Assignment>
Below, find the line containing "RT No. 5439 KNITTED WEAVE STRIPED SWEATER" and the line containing "Invitations are the"; reproduce exactly those two and every line between them, omitting pictures.

Data extract>

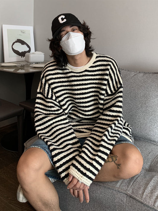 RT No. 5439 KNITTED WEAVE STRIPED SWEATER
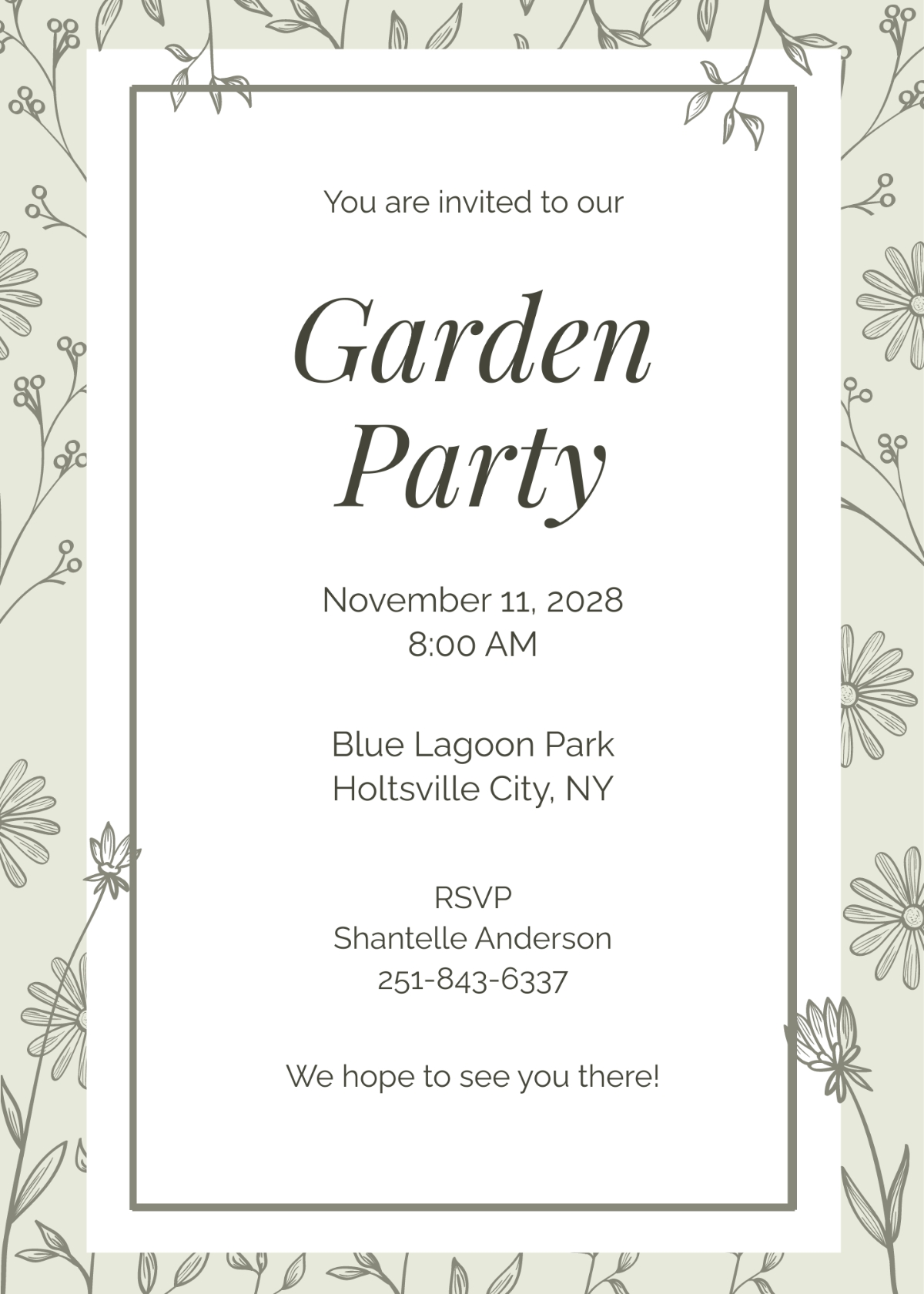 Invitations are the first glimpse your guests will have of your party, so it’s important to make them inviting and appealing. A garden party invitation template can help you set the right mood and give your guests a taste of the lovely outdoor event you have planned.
...
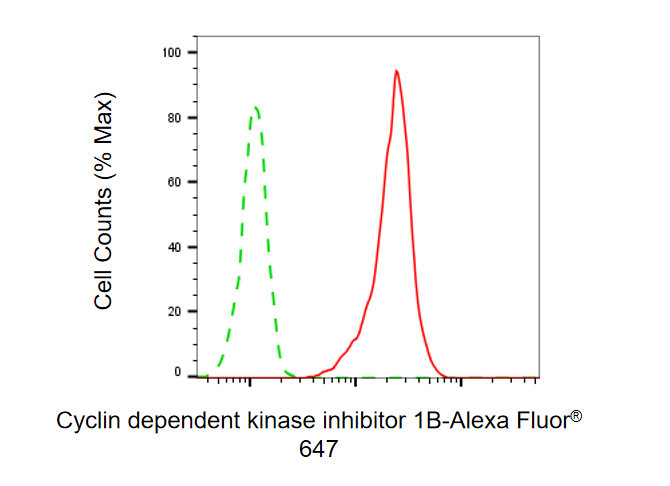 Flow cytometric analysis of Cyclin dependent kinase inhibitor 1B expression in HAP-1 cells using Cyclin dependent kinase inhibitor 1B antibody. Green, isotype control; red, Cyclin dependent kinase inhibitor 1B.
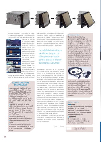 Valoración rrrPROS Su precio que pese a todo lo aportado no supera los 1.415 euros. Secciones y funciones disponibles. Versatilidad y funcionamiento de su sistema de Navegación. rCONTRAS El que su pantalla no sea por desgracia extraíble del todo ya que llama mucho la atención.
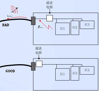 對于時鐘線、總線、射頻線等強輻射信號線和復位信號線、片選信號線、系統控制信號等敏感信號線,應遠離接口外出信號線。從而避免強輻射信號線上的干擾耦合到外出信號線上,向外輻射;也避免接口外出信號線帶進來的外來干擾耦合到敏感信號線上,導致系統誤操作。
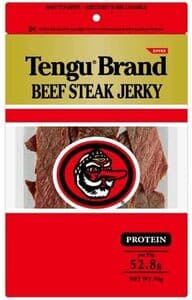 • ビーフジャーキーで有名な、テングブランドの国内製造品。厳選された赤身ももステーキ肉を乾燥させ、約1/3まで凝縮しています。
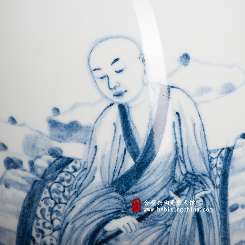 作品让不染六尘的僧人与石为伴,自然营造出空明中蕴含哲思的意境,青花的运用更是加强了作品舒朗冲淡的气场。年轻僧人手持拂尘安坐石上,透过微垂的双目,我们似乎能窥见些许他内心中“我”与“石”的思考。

Written solution>
 RT No. 5439 KNITTED WEAVE STRIPED SWEATER
 Invitations are the first glimpse your guests will have of your party, so it’s important to make them inviting and appealing. A garden party invitation template can help you set the right mood and give your guests a taste of the lovely outdoor event you have planned.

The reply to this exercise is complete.